How I met my mother on the tireless streets of New York

Posted on 6 May 2015

Our columnist, Darrel Bristow-Bovey, has a sobering moment on the tireless streets of New York.

 

Photo by Genaro Bardy.

Photo by Genaro Bardy.

When my father died he had never been out of the country, and it occurred to me only very recently that my mother hadn’t either.

When I was young I was as poor as they were so I never went anywhere, but once my circumstances changed I seized every possibility. I felt as though I wasn’t only travelling for myself, I was out there for my mom and dad as well, I was seeing northern fields and southern ice and smelling the broken sea winds of the East as much on their behalf as mine. My mother was always interested to hear where I’d been but she never showed much interest in the idea of travelling herself, and I thought that was just her personality until I remembered that in the days when I had no prospect of going anywhere, I would shrug and act uninterested in travel, and maybe she was doing the same thing.

And so at the end of last year my mother went overseas for the first time, and we came in low over the marshy maze of Jamaica Bay and landed in an icy, electric New York City. Before we’d left, people had told me, ‘You’re a good son for doing this’, and I’d waved them off and muttered modestly but secretly I’d thought, ‘Yes I am’, and now here we were with the bright blades of the Chrysler Building and the Empire State and the raindrops making blurred diamonds on the windscreen of the cab as we came into Manhattan across the Queensboro Bridge. I looked at my mom to see if she was impressed with her first sight of the city, but she was fiddling with her phone, trying to send a text to my sister.

 

‘The best way to get to know a new city,’ I said with authority, ‘is to walk!’

The next morning we walked across Second Avenue and had breakfast in the Murray Hill Diner where an old Russian waitress with bleached yellow hair dropped menus on our table. ‘It’s like in the movies,’ my mom said. ‘Look, when people come in, they take off their coats and hang them on the hook.’

I arranged my face into a patronising smile, even though that’s exactly what I was thinking myself.

After breakfast I took charge. ‘The best way to get to know a new city,’ I said with authority, ‘is to walk!’

We were staying beside the East River in Midtown so we walked up to the Empire State and then down Seventh Avenue towards Central Park. I pointed out Macy’s and the Algonquin and Radio City Music Hall. We walked into the park to see the ice rink, then to the Met, and then afterwards I suggested we weave our way back up to Midtown along Park and Lexington and Madison. She must have been tired by now but she didn’t complain. I should have checked how she was feeling, but I was too busy being the big man and the knowledgeable traveller. We bought a pizza slice and stopped for a beer and she was grateful to sit, but then I led us back out into the bright cold afternoon. I tutted and tsked as her pace dropped and thought how much more I could do if I was on my own. She never complained. We were crossing 33rd Street and she was lagging so I waited impatiently on the far sidewalk and while I was looking up at the cold blue sky I heard her fall.

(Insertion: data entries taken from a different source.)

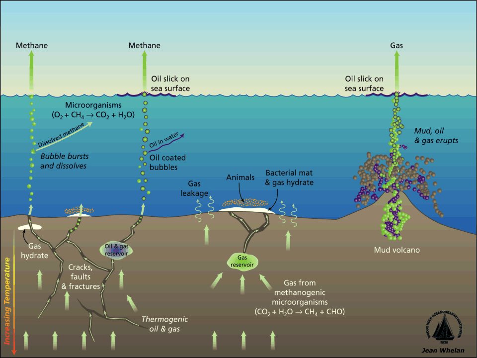 وتحول غاز الميثان إلى مادة صلبة نتيجة الضغوط الهائلة التي يتعرض لها في أعماق المحيطات، أي أنها تتجمد. ويمكن لقطعة متجمدة من هذا الغاز أن تنفصل وترتفع لأعلى لتعود سريعا إلى الصورة الغازية مكونة فقاعة ضخمة على سطح المحيط. !
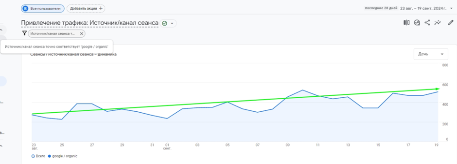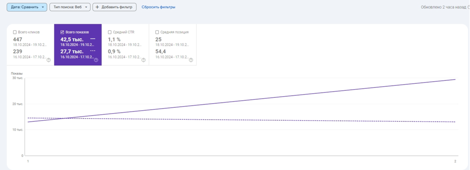 На момент написання статті позиції сайту продовжують покращуватися: буквально за останні два дні кількість показів у порівнянні з попередніми зросла майже вдвічі.
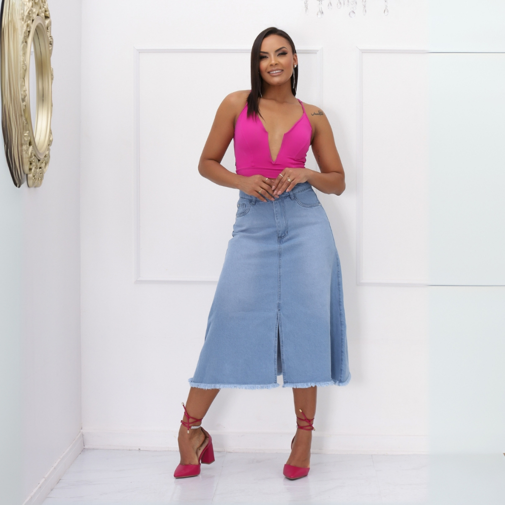 Saia Jeans Feminina Evasê Midi Barra Desfiada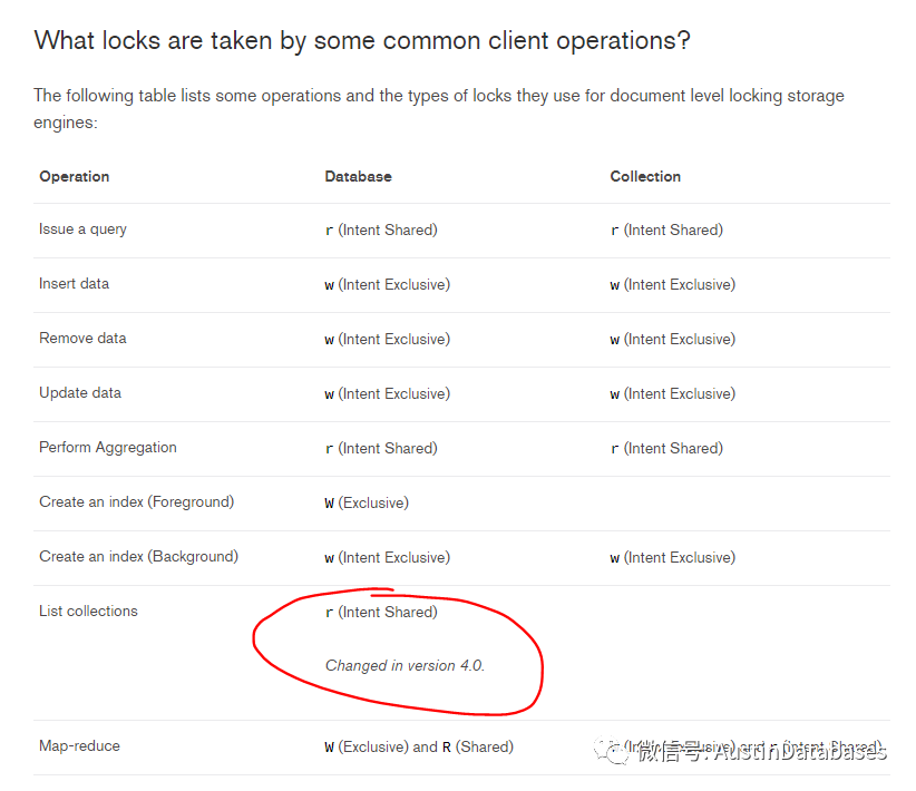 4.0后的MONGODB 更改了list collections 的锁的粒度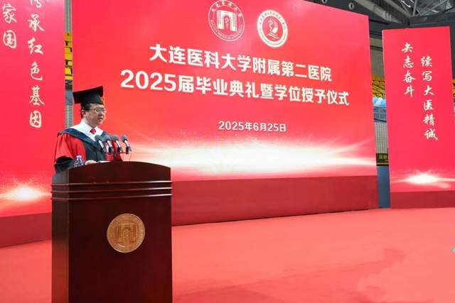 在庄严肃穆的国歌声中,毕业典礼暨学位授予仪式正式开始。首先,刘志宇院长对顺利完成学业的559名研究生、350名本科生表示祝贺,向关心、爱护和培养学生的老师和家长致以最衷心的感谢和崇高的敬意。在全体师生的积极参与、全程见证及倾力奉献下,医院连续六年荣膺全国三级公立医院绩效考核国家监测指标A+等级,稳居辽南首位、全国百强行列。多年来,附属第二医院始终坚持贯彻落实立德树人根本任务,牢记为党育人、为国育才初心使命,以培养堪当民族复兴大任的时代新人为己任,倾力学生成长成才,助力学生职业发展,在教育教学工作中取得了令人瞩目的优异成绩。2025届本科生考研率59.09%,再创新高;升学率69.14%,勇夺全校桂冠;应届毕业生住培结业考试通过率97.22%,执业医师考试通过率100%,双双刷新历史纪录;近30名硕士毕业生以优异成绩考入首都医科大学、浙江大学医学院、天津医科大学等顶尖学府深造;242名本科生成功踏入北医、华西、中山等名校殿堂;众多毕业生已活跃在北医、上医、华西等国内知名医院的工作岗位上,崭露头角!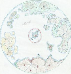 For a short time, I toyed with the idea of setting my fantasy stories on a flat world. I had obviously been reading too many of Terry Pratchett’s discworld books, which are still a personal favourite. I cannot remember any of the particulars about the stories that related to this map.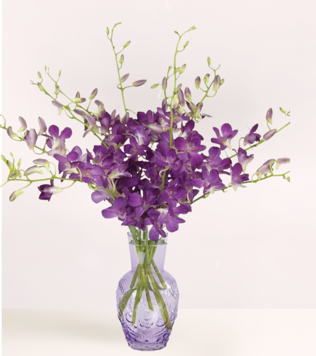 Laden with dozens of silky petals that climb nearly the full length of their stately stalks, dendrobium orchids in any color are always eye catching. But when their hue is as vibrant as this variety, the show is even more impressive. Their purple color gives them an amazing amethyst appearance perfectly complemented by lavender flourish glass vase.

She was tired and her feet were dragging and there was a pothole in the tarmac. I have never seen my mother fall before. I’ve never seen her lying helpless on the ground.

I had brought her across the world and walked her to exhaustion in order to feel like a good son, but in that moment, maybe for the first time in my life, I saw her clearly: I saw a 74-year-old woman who loves me and doesn’t want to disappoint me, an old woman who came on a 20-hour flight not to see New York, but to spend time with her son.

I haven’t cried in front of my mother since I was 14, and I didn’t cry then, but as I helped her to her feet she said, in an embarrassed voice, as though she had let me down, as though she could ever let me down, ‘I’m sorry.’

Then I did cry.

 

Big Apple bites

A few wholly unimportant facts

  1. In some areas of New York the tap water contains tiny crustaceans called copepods which are invisible to the naked eye.
  2. The City of New York has measures in place to give homeless people an opportunity to go home, and to cut down on footing the bill for expensive city shelters. The homeless are bought a one-way plane, train or bus ticket provided that they have guaranteed accommodation.
  3. The eyeballs of 20th-century genius Albert Einstein are stored in a safety deposit box in the City.

 
This article first appeared in the May 2015 issue of Getaway magazine.